Forget about data silos for a minute. Let’s talk about personnel silos in virtualization operations. Silo mentality is becoming more apparent as companies seek to leverage the best of scaled out x86 virtualized environments and their vertically scaled mainframe systems. This can be a challenge when IT teams have historically been allocated based on technology. The following three considerations can help you get the most from your combined resources.
Mainframe mentality and virtualization resources
Mainframe mentality is keenly focused on capacity and performance. Both are finite in a mainframe world (at least without additional capital expenditures). Learning to avoid application resource conflicts is another ever-present reality of mainframe mentalities. Virtualized systems, on the other hand, lack the hardware constraints. Although virtualized systems are less affected by application resource conflicts, they are more concerned with user experience.
What’s the bottom line? Workload management is the key. Applying a combined strategy ensures that either system isn’t sitting with idle capacity – and that workloads which perform well in a virtualized environment help free up space for workloads that require the security and resiliency of a mainframe.

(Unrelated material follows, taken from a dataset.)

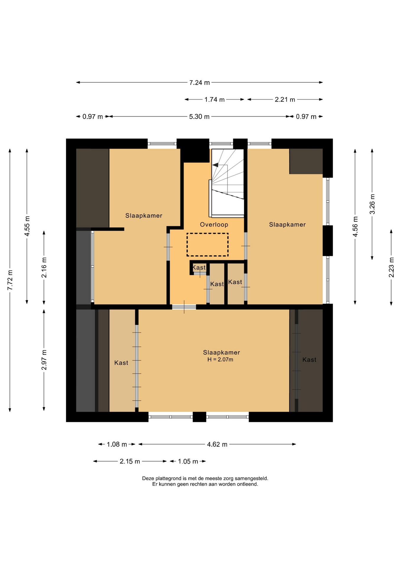 “Deze informatie is door ons met de nodige zorgvuldigheid samengesteld. Onzerzijds wordt echter geen enkele aansprakelijkheid aanvaard voor enige onvolledigheid, onjuistheid of anderszins, dan wel de gevolgen daarvan. Alle opgegeven maten en oppervlakten zijn indicatief.”

Managing virtualization expenses
When you apply the mainframe “limited capacity” mindset to virtualized environments, you often get more efficient use of both mainframe and virtualized resources. Although cloud storage is far less costly than mainframe, it still has costs. Before you scale, consider the available mainframe capacity for which you’ve already paid.

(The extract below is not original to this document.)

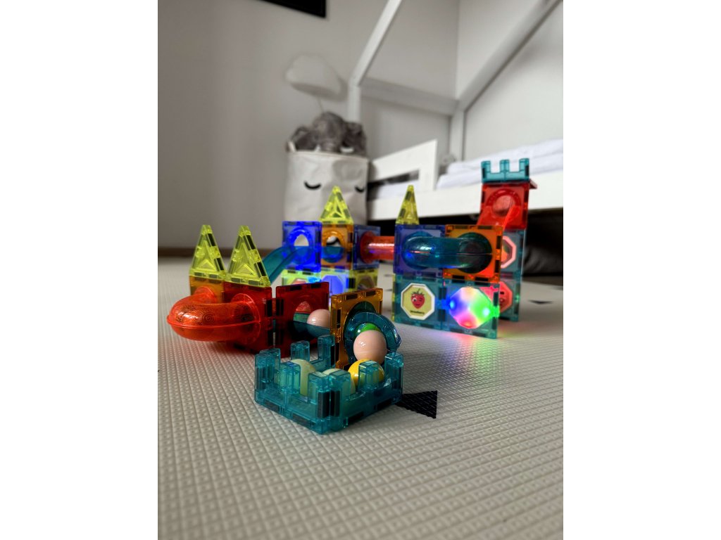 A mágneskockák kiváló oktatójáték, fejlesztik a gyerekek kreativitását, türelemre és koncentrációra tanítanak. A készlethez mellékelt füzet példákat mutat be a pályára. Egyes alkatrészek beépített világítással rendelkeznek, hogy a játék ötletes megjelenést biztosítson.

What’s the bottom line? Virtualization isn’t free. Treat your mainframe resources as manufacturing sites treat their plant equipment – look at total capacity before taking on virtualized expenses. Granted, the circumstance often dictates the most effective route, such as timing and workload types. However, an overall strategy that encompasses both architectures leads to more effective cost control.
Gauging virtualization performance
The mainframe mindset tells us to avoid application conflicts. Today, the mainframe mentality considers new workloads, and whether or not they’ll run as well on a mainframe as a virtualized environment and vice versa. Business analytics workloads, which often require the scale and capacity agility of virtualized environments, can be more conducive to robust compute powers within a mainframe. When it comes to virtualization, user experience is the key performance metric.
What’s the bottom line? When both sides of operations have a common understanding of the business requirement, the solution usually becomes clear. The politics of the organization is a different story altogether.
As the physical and virtual worlds converge, it’s crucial to examine your silos and reallocate resources. In fact, some of the skills once demanded by mainframers, like capacity planning, are back in vogue. IT monitoring and management tools are supporting the converged infrastructure and moving IT operations closer to the “single pane of glass” visibility that is needed.